The Meaning of Lila 1/15/09Are any of those thing prerequsites for buying a woman a drink? I've never needed to answer any of those questions. I've been asked if I had a concussion or if I was insane, but never if I was employed or secretly attracted to some guy. And what's the deal with that last question? If he had said yes, then what? Would the guys end up having gay sex or something? I guess I'm just out of the loop.
Jump Start 1/15/09
Hm...I may not be an expert, but I don't think there's any way to keep people from cracking jokes about colonoscopies. They're just inherantly funny to everyone except the people they're performed on.
That's Life 1/15/09
How did he get fourth? He should be #1 all the way. Just look at him, if you had a statue of Elvis right next to him there is no way you could tell the difference.

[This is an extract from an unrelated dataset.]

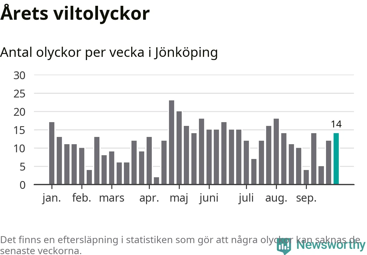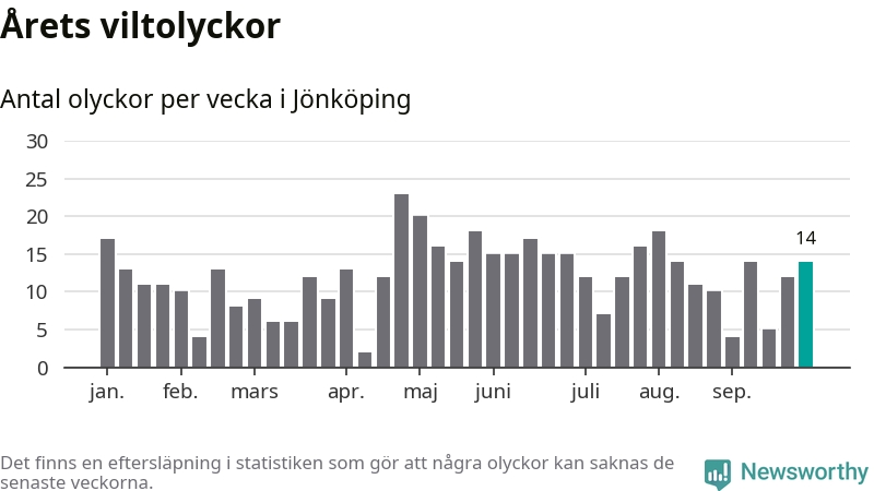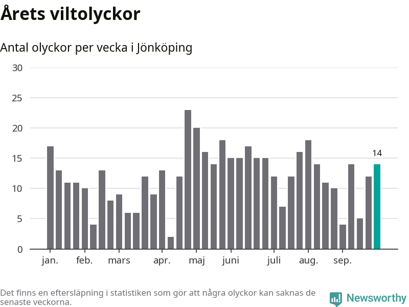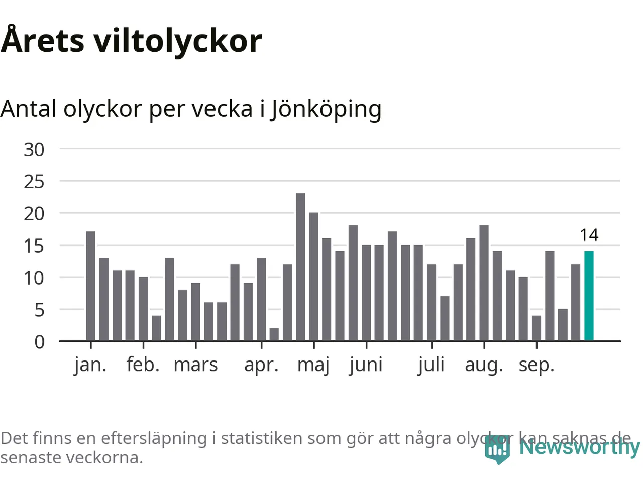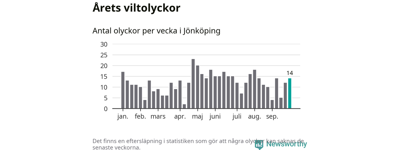 Hittills har 14 viltolyckor rapporterats in i Jönköpings kommun från vecka 40. Se listan här.

But seriously, why is this a joke? There are contests all the time where someone is in the top 5 when they shouldn't be, it's only because no one cared to enter the contest. I recently won something because there were two prizes and I was one of two people to enter the contest. That doesn't make the situation funny. God, why do so many comics suck at their job?
Committed 1/15/09
I have lived in Minnesota my entire life and I have never seen anyone dressed in this manner. Maybe those pussies in New England or the Pacific Northwest over-dress, but not us here in the land of 10,000 lakes. I didn't even wear a jacket today(it was around -20 before windchill) and I didn't die or anything.
My main point is that MN=awesome, New England=pussies.
Just making sure you understand.
1 comment:
Watch your mouth about the Pacific NW, we don't even believe in umbrellas here!